## SUPPLIED DATA
※

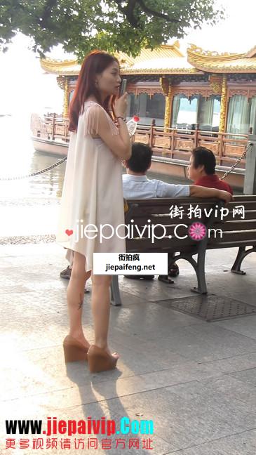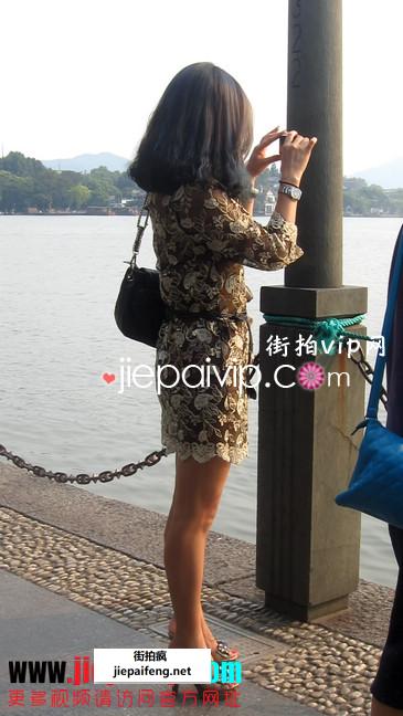 街拍图片,性感短裙少妇在西湖边游玩
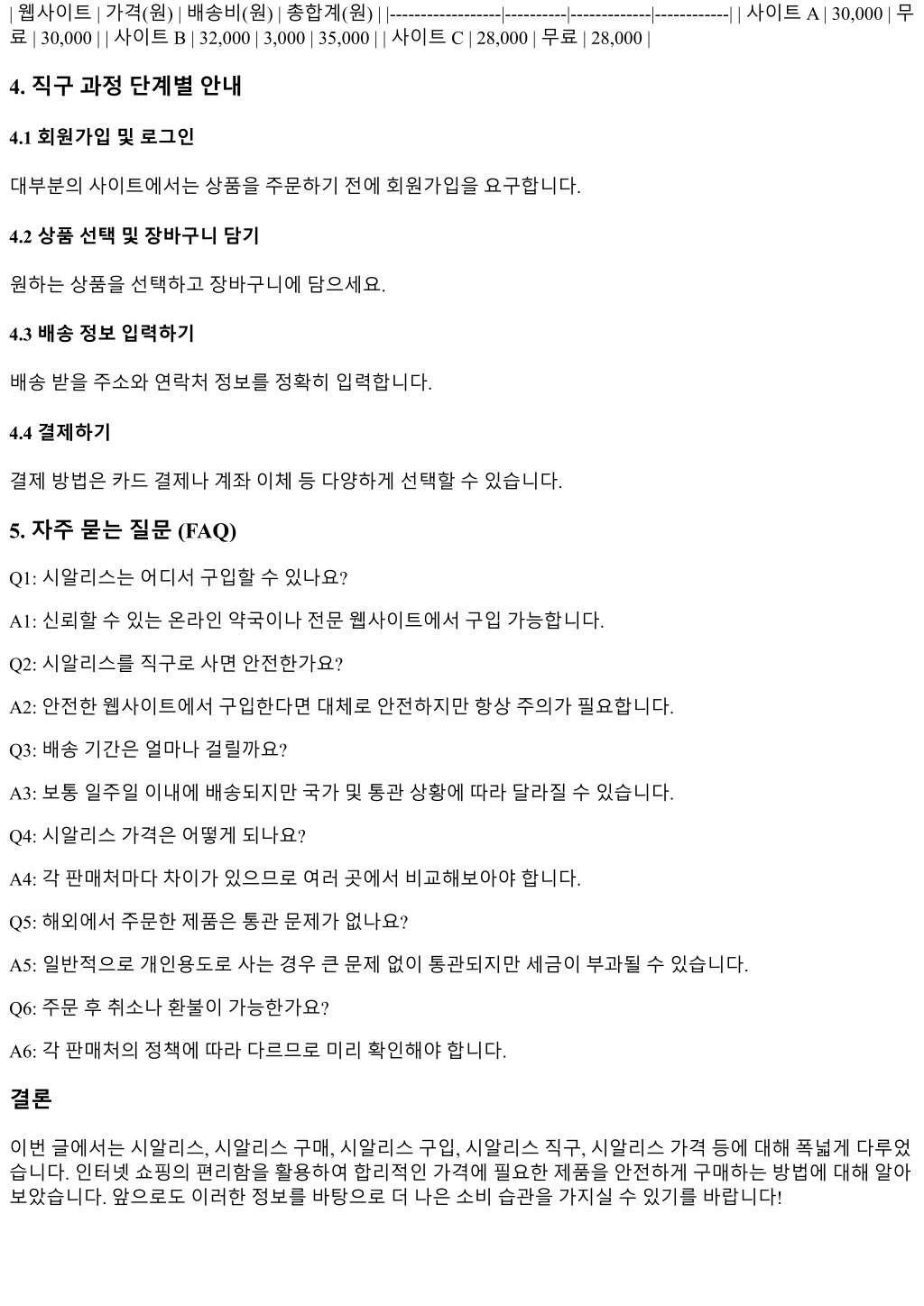 2. | 웹사이트 | 가격(원) | 배송비(원) | 총합계(원) | |------------------|----------|-------------|------------| | 사이트 A | 30,000 | 무 료 | 30,000 | | 사이트 B | 32,000 | 3,000 | 35,000 | | 사이트 C | 28,000 | 무료 | 28,000 | 4. 직구과정단계별안내 4.1 회원가입및로그인 대부분의사이트에서는상품을주문하기전에회원가입을요구합니다. 4.2 상품선택및장바구니담기 원하는상품을선택하고장바구니에담으세요. 4.3 배송정보입력하기 배송받을주소와연락처정보를정확히입력합니다. 4.4 결제하기 결제방법은카드결제나계좌이체등다양하게선택할수있습니다. 5. 자주묻는질문 (FAQ) Q1: 시알리스는어디서구입할수있나요? A1: 신뢰할수있는온라인약국이나전문웹사이트에서구입가능합니다. Q2: 시알리스를직구로사면안전한가요? A2: 안전한웹사이트에서구입한다면대체로안전하지만항상주의가필요합니다. Q3: 배송기간은얼마나걸릴까요? A3: 보통일주일이내에배송되지만국가및통관상황에따라달라질수있습니다. Q4: 시알리스가격은어떻게되나요? A4: 각판매처마다차이가있으므로여러곳에서비교해보아야합니다. Q5: 해외에서주문한제품은통관문제가없나요? A5: 일반적으로개인용도로사는경우큰문제없이통관되지만세금이부과될수있습니다. Q6: 주문후취소나환불이가능한가요? A6: 각판매처의정책에따라다르므로미리확인해야합니다. 결론 이번글에서는시알리스, 시알리스구매, 시알리스구입, 시알리스직구, 시알리스가격등에대해폭넓게다루었 습니다. 인터넷쇼핑의편리함을활용하여합리적인가격에필요한제품을안전하게구매하는방법에대해알아 보았습니다. 앞으로도이러한정보를바탕으로더나은소비습관을가지실수있기를바랍니다!
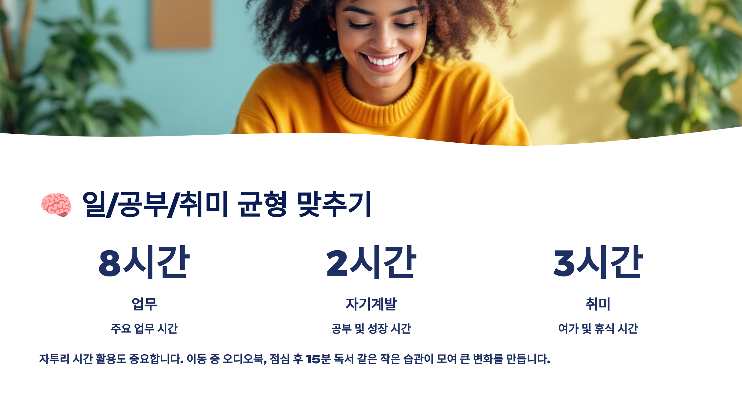 → 우선순위만 명확하게 정하고, 하루 중 아무 때나 실행 가능하게 설계하면 스트레스가 줄어요. ✅🎨
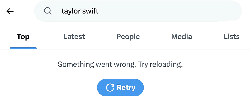 “Something went wrong. Try reloading,” appeared whenever the singer’s name was typed into the X search box.
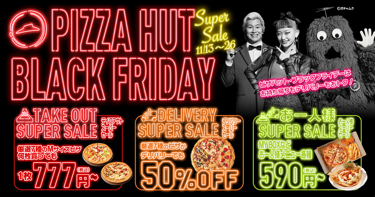 ピザハットは、今年の11月24日(金)のブラックフライデーに備えて、ピザハットを想像以上におトクに楽しめる「ピザハット・ブラックフライデー」として、3つのスーパーセールをご用意しました!
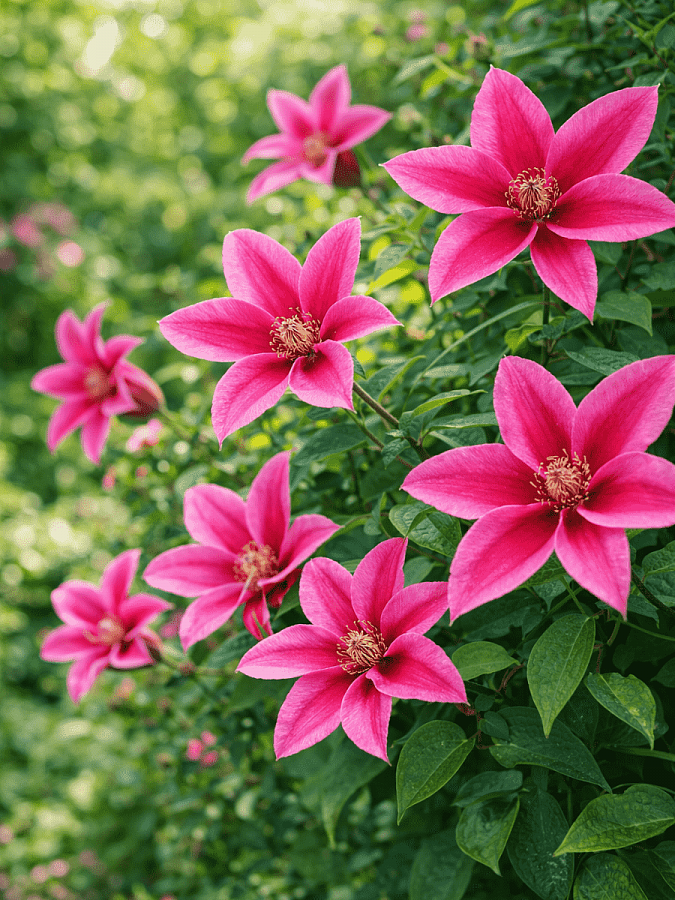 Клематис гибридный princess red - это великолепное растение с малиново-розовыми цветками, которые поражают своей красотой и изяществом. Высота этого растения может достигать 250-300 см, что делает его идеальным выбором для групповых или одиночных посадок в саду. Листья клематиса имеют интересную форму и яркий зеленый цвет, что придает растению особый шарм.

※

## WHAT THE EXERCISE ASKS
Return only the lines from the one containing "스트레스가 줄어요. ✅🎨" through the last line of the entries above, exactly as written and without pictures.

## RESULT FOR THIS TASK
 → 우선순위만 명확하게 정하고, 하루 중 아무 때나 실행 가능하게 설계하면 스트레스가 줄어요. ✅🎨
 “Something went wrong. Try reloading,” appeared whenever the singer’s name was typed into the X search box.
 ピザハットは、今年の11月24日(金)のブラックフライデーに備えて、ピザハットを想像以上におトクに楽しめる「ピザハット・ブラックフライデー」として、3つのスーパーセールをご用意しました!
 Клематис гибридный princess red - это великолепное растение с малиново-розовыми цветками, которые поражают своей красотой и изяществом. Высота этого растения может достигать 250-300 см, что делает его идеальным выбором для групповых или одиночных посадок в саду. Листья клематиса имеют интересную форму и яркий зеленый цвет, что придает растению особый шарм.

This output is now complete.